▶ Aim of the task: Using the listing below, set down exactly the lines from the one that contains "Evening Events. |" through the one that contains "- This action", with no pictures.
----- Exercise data
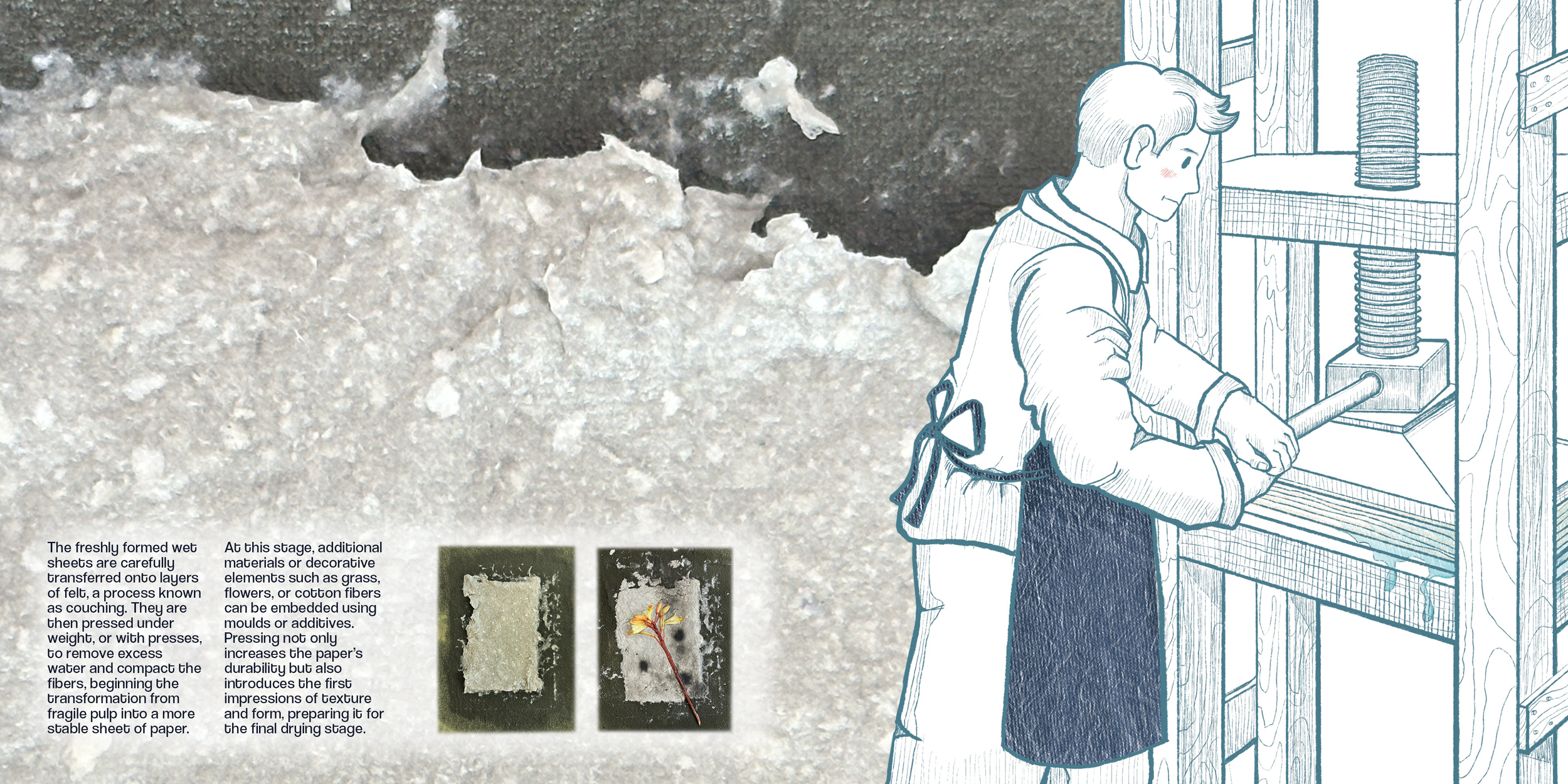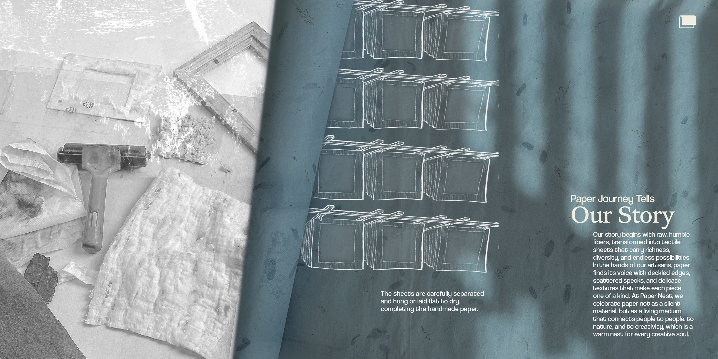 These observations became the foundation for developing the brand identity, allowing the handmade papermaking process itself to speak through the visual and spatial language of the design.
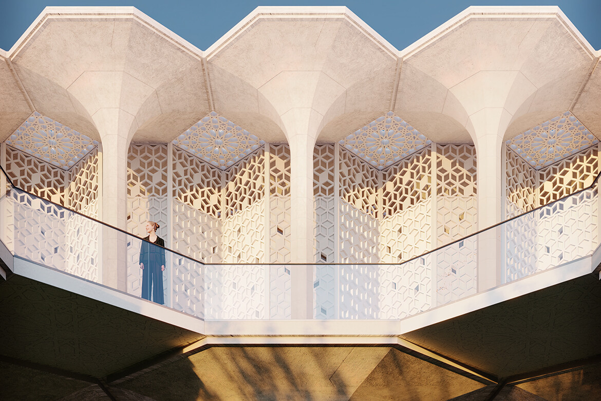«В основе структуры фасадов лежит очень простой геометрический орнамент, который легко относится как к исламской традиции, так и к современной геометрии»
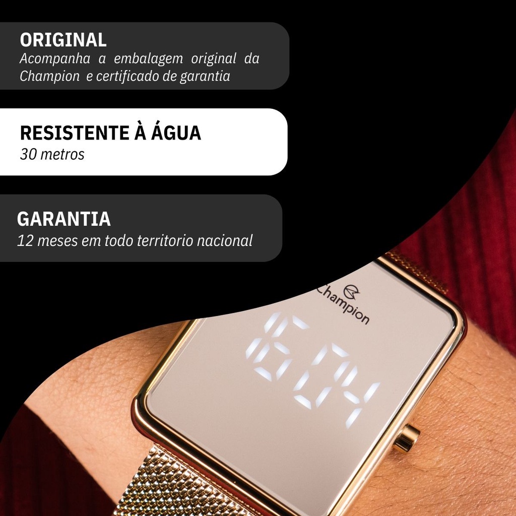 Você está procurando um relógio moderno e sofisticado para acompanhar o seu dia a dia? Seja bem vindo à RBM WEBSHOP - todos os nossos relógios são originais e a pronta entrega para envio imediato. Veja as PRINCIPAIS CARACTERÍSTICAS do Relógio Feminino Dourado Espelhado Informações Básicas Marca: Champion Modelo: CH40080B Gênero: Feminino Resistência à Água: 3atm – 30mts: Pode ter contato superficial com a água, como ao lavar as mãos ou tomar uma chuva Medidas do Relógio Tamanho: Largura: 3,4 cm Altura: 4,4 cm (MÉDIO) Circunferência da pulseira e tamanho máximo de ajuste de punho: 19 cm Espessura: 1,0 cm Largura da Pulseira: 2,4 cm Peso: 127 gramas Materiais do Relógio Composição do Vidro: Cristal Mineral (RESISTENTE A RISCOS) Material da Caixa: Metal Material da Pulseira: Aço Inox Material da Tampa: Aço Inox Características do Relógio Mecanismo: Digital Alimentação: Bateria Duração aproximada da bateria: 2 anos Fecho: Deslizante, com trava e pressão (Não é necessário remover elos; você mesmo ajusta facilmente) Tampa Posterior: Rosca Cores Mostrador: Prata Caixa: Dourado Pulseira: Dourado Garantia 1 ano de garantia em todo território nacional com a rede autorizada Conteúdo da Embalagem Este produto acompanha Manual em Português e Nota Fiscal, Kit Colar e Brincos, Embalagem de Fabrica Original e Garantia Nacional do Fabricante. VAMOS CONHECER MELHOR SOBRE A LOJA RBM WEBSHOP RELOGIOS? Somos uma das melhores e maiores lojas de relogios no Brasil. Todos os relógios vendidos pela nossa loja são 100% originais, contém nota fiscal, certificado, manual de instruções e garantia de 12 meses com a rede de assistência em todo o Brasil. Dúvidas? Pergunte, e será um enorme prazer lhe atender!
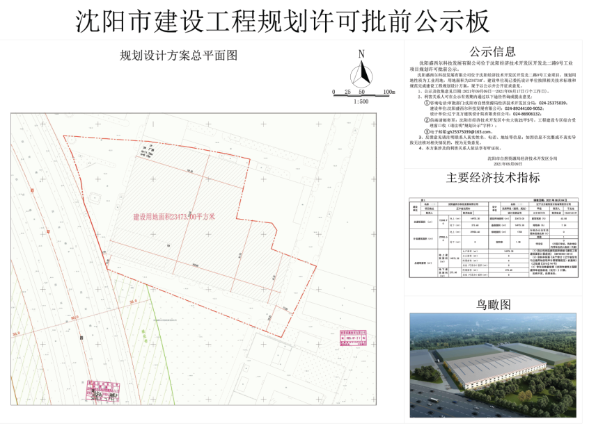 公示信息 沈阳盛西尔科技发展有限公司位于沈阳经济技术开发区开发北二路9号工业项目规划许可批前公示。 沈阳盛西尔科技发展有限公司位于沈阳经济技术开发区开发北二路9号工业项目,规划用地性质为工业用地,用地面积为23473㎡。建设单位现已委托设计单位按照相关技术标准和规范完成建设工程规划设计方案,现予以公示并公开征求意见。 1、公示及收集意见日期:2021年09月09日一2021年09月17日(7个工作日)。 2、利害关系人可在公示有效期内通过以下途径咨询或提出意见: ①咨询电话:审批部门:沈阳市自然资源局经济技术开发区分局:024-25375039; 建设单位:沈阳盛西尔科技发展有限公司:024-89244100-9052; 设计单位:辽宁北方建筑设计院有限责任公司:024-86906132; ②信函请邮寄至:沈阳市经济技术开发区中央大街21甲5号,工程建设专区综合受理窗口收(请注明“规划公示”字样); ③电子邮箱:gh25375039@163.com。 3、反馈意见请注明联系人真实姓名、电话、地址等信息;如因信息不完整或不真实导致无法核对相关情况的,视为无效意见。 4、本方案涉及的利害关系人依法享有听证权。
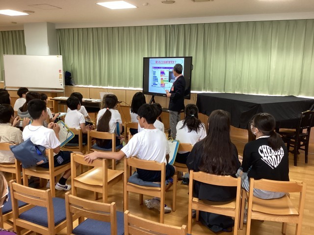 インターネットでつながる便利さと、そこに潜む危険について、株式会社教育ネットの方に授業をしていただきました。昨今、オンラインゲームを通して知り合った間柄での犯罪事件や、闇バイトへの加担、連れ去り等、インターネットに関わる問題が顕在化しています。子どもたちの安全を守る価値ある時間となりました。
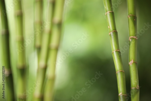 Fototapeta premium Green bamboo stems on blurred background, closeup. Space for text
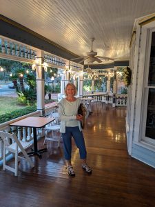 We had planned to get up early on the day of the event and drive to Gainesville, until a friend recommended a B&B there. Following her advice, we drove up on the day prior to the event. Upon arriving in Gainesville, we were blessed to get a private tour of the book festival venue even though the building was officially closed. Then we headed off to the Sweetwater Branch Inn B&B, (see front porch picture below).
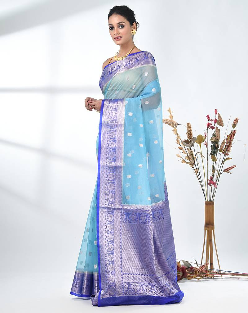 | Product Description | This Exquisite Saree Is Crafted From Premium Organza Fabric, Offering An Elegant And Lightweight Feel. The Rich Sky Blue Color Serves As A Stunning Backdrop For Delicate Floral Motifs, Intricately Woven Into The Fabric, Adding A Touch Of Sophistication. The Saree Is Bordered With A Contrasting Blue Shade, Beautifully Accentuating Its Refined Design. Its Soft Sheen Creates A Mesmerizing Visual Appeal, Making It Perfect For Special Occasions Such As Weddings, Festive Celebrations, Or Evening Events. |
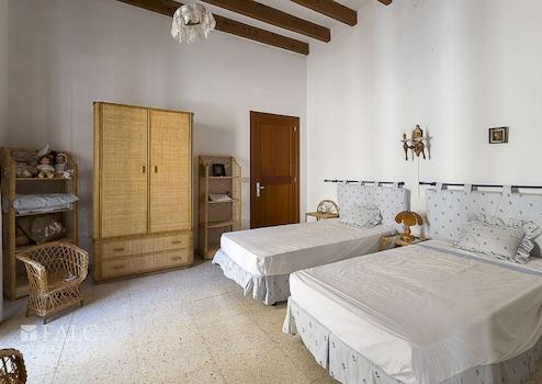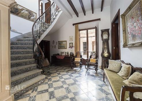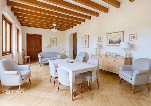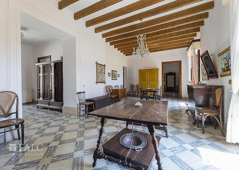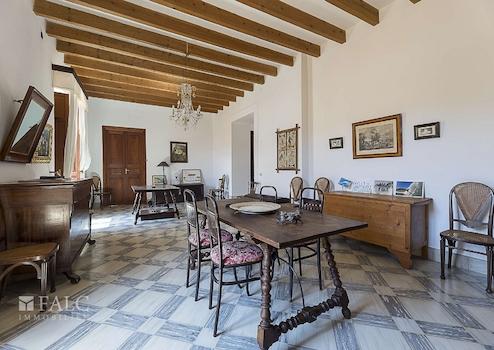Das Haus besticht durch seine authentisch mallorquinische Bauweise, erhaltene Originalelemente wie sichtbare Holzbalken und hohe Decken verleihen dem Objekt einen besonderen Charme. Sechs Schlafzimmer, drei Badezimmer, eine separate Küche sowie ein weitläufiger Wohn- und Essbereich schaffen eine ideale Basis für komfortables Wohnen oder stilvolle Gästeunterbringung.
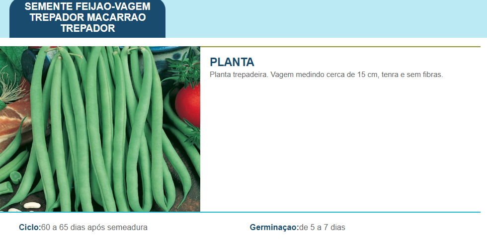 SEMENTES FEIJÃO-VAGEM MACARRÃO TREPADOR - TOPSEED
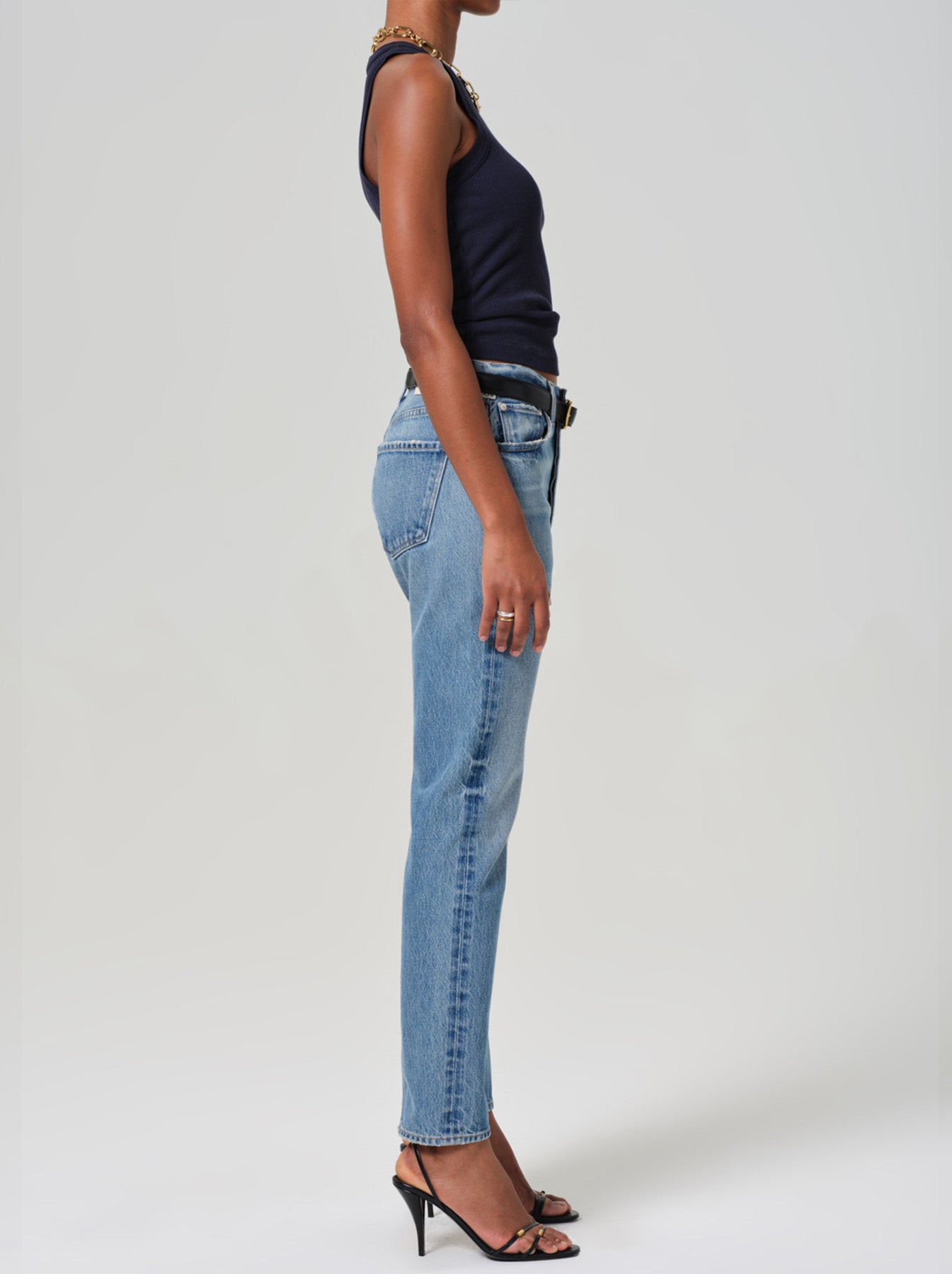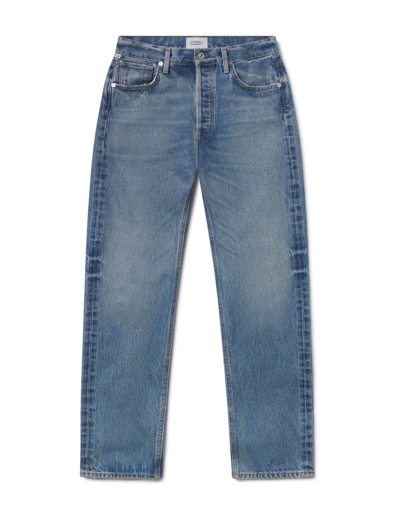 Clean and classic, the Blaine Jeans by Citizens of Humanity feature a flattering high-rise and straight-leg silhouette designed for everyday wear. The Blaine offers a structured fit with a naturally soft, lived-in feel. The Perri wash offers a versatile medium indigo tone with subtle fading for a sophisticated worn-in appearance. Elevate your winter wardrobe by pairing these jeans with an oversized sweater and loafers for a cozy yet stylish look.
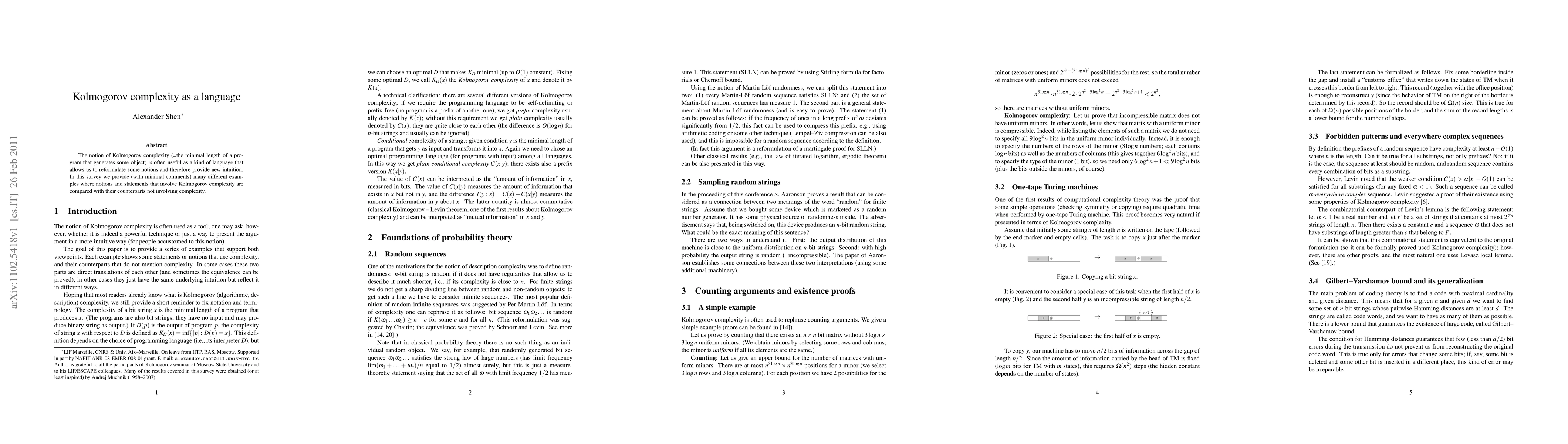 This paper explores Kolmogorov complexity as a conceptual framework, demonstrating how it serves as a language that reformulates various notions, offering new insights and intuitions by comparing complex and non-complex counterparts.
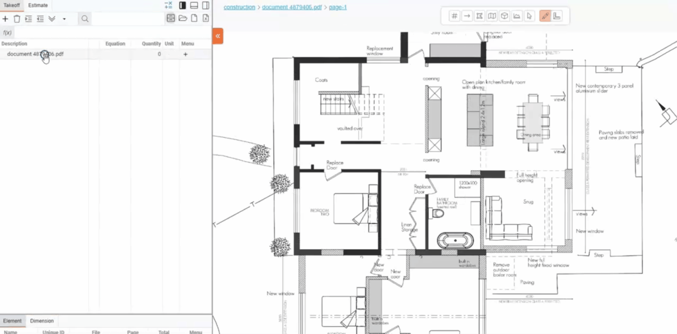 - This action will create a new count item in the bill of quantities table, listed as a child item under the drawing name/description parent.
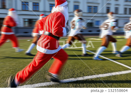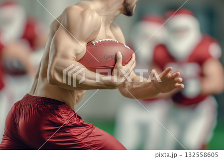 A muscular young Santa Claus is playing rugby with other santas. He runs with a rugby ball side view. Sports Christmas competitions.
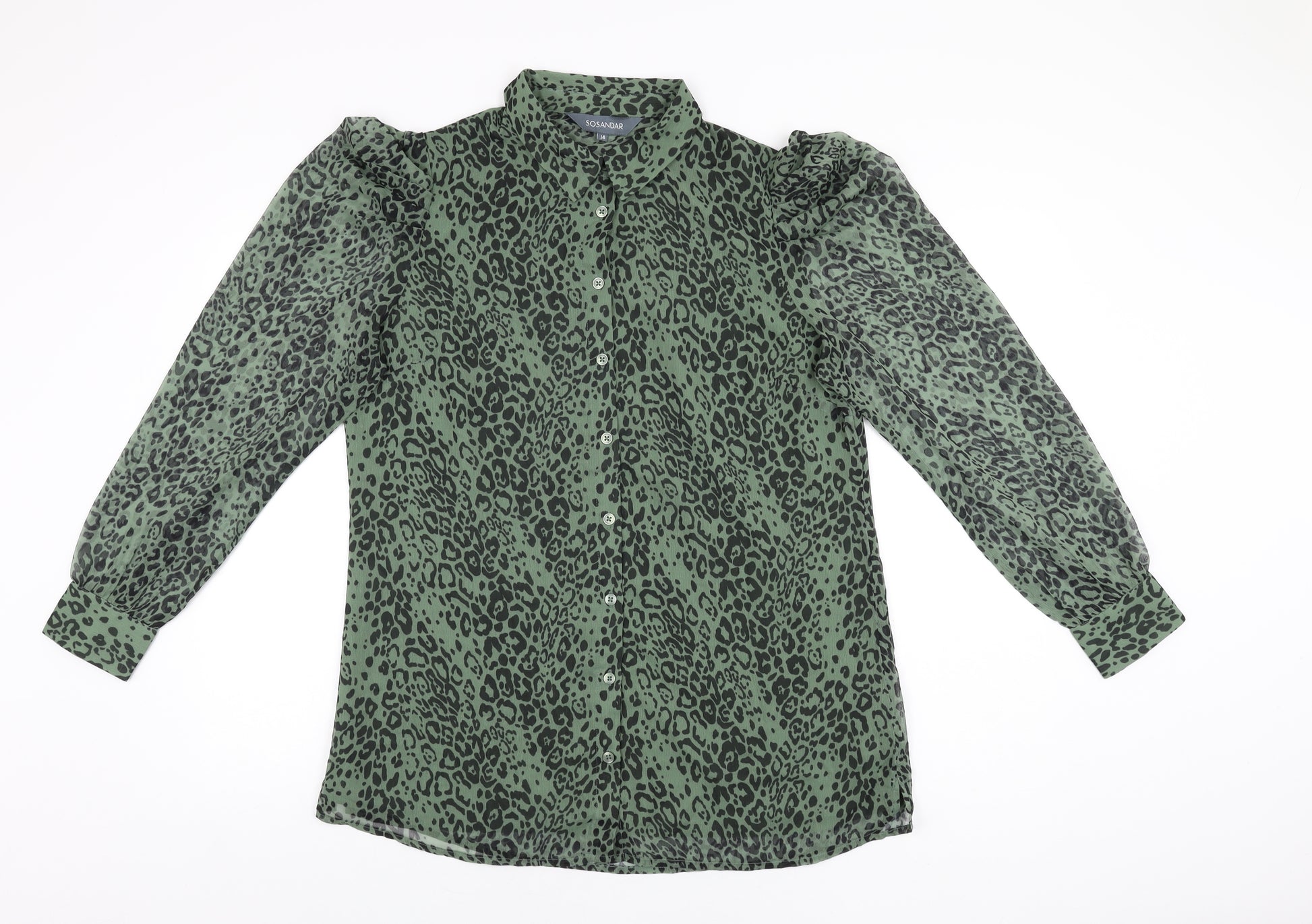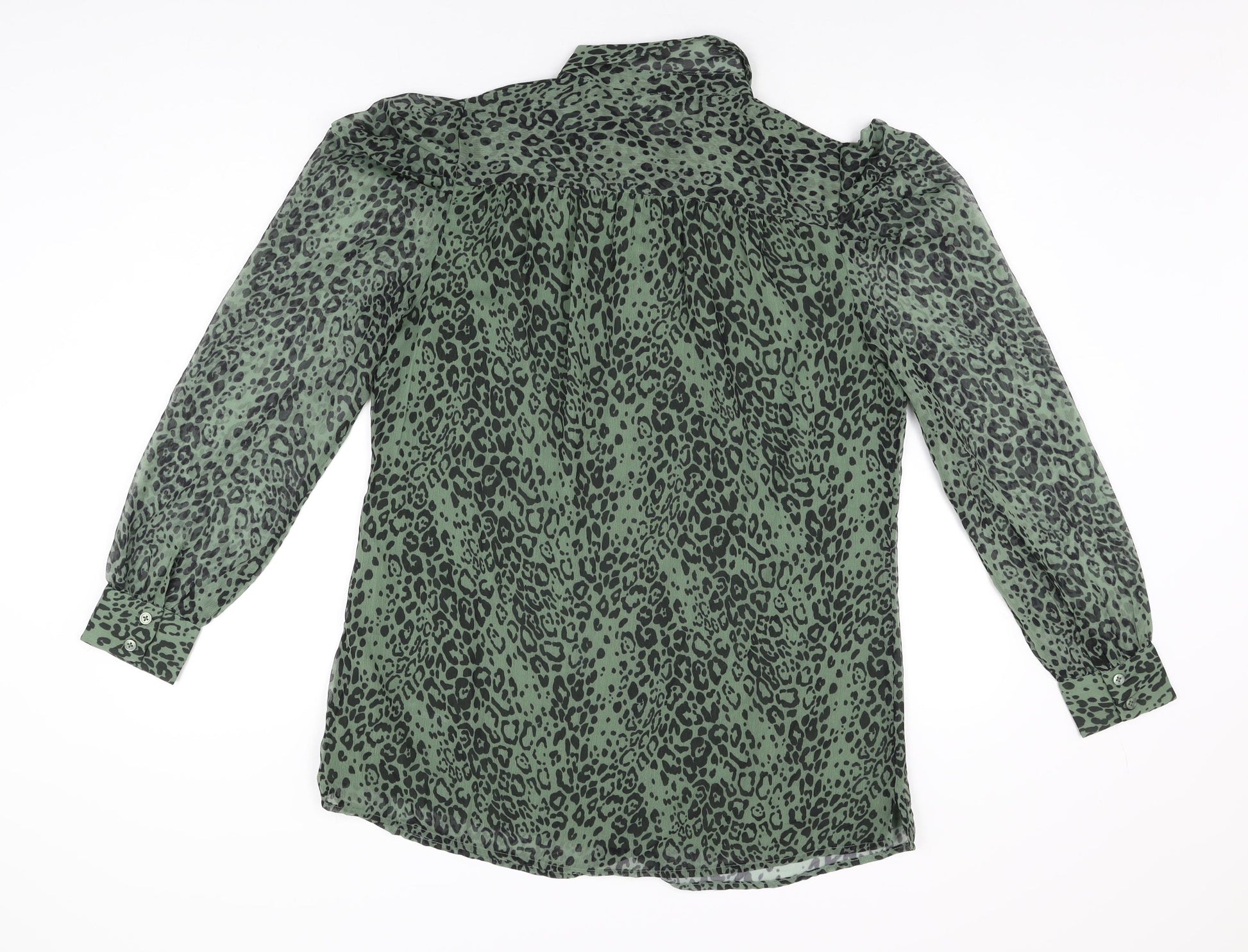 Womens Green Animal Print Polyester Basic Button-Up Size 14 Collared
----------
▶ Response to this exercise:
 | Product Description | This Exquisite Saree Is Crafted From Premium Organza Fabric, Offering An Elegant And Lightweight Feel. The Rich Sky Blue Color Serves As A Stunning Backdrop For Delicate Floral Motifs, Intricately Woven Into The Fabric, Adding A Touch Of Sophistication. The Saree Is Bordered With A Contrasting Blue Shade, Beautifully Accentuating Its Refined Design. Its Soft Sheen Creates A Mesmerizing Visual Appeal, Making It Perfect For Special Occasions Such As Weddings, Festive Celebrations, Or Evening Events. |
Das Haus besticht durch seine authentisch mallorquinische Bauweise, erhaltene Originalelemente wie sichtbare Holzbalken und hohe Decken verleihen dem Objekt einen besonderen Charme. Sechs Schlafzimmer, drei Badezimmer, eine separate Küche sowie ein weitläufiger Wohn- und Essbereich schaffen eine ideale Basis für komfortables Wohnen oder stilvolle Gästeunterbringung.
 SEMENTES FEIJÃO-VAGEM MACARRÃO TREPADOR - TOPSEED
 Clean and classic, the Blaine Jeans by Citizens of Humanity feature a flattering high-rise and straight-leg silhouette designed for everyday wear. The Blaine offers a structured fit with a naturally soft, lived-in feel. The Perri wash offers a versatile medium indigo tone with subtle fading for a sophisticated worn-in appearance. Elevate your winter wardrobe by pairing these jeans with an oversized sweater and loafers for a cozy yet stylish look.
 This paper explores Kolmogorov complexity as a conceptual framework, demonstrating how it serves as a language that reformulates various notions, offering new insights and intuitions by comparing complex and non-complex counterparts.
 - This action will create a new count item in the bill of quantities table, listed as a child item under the drawing name/description parent.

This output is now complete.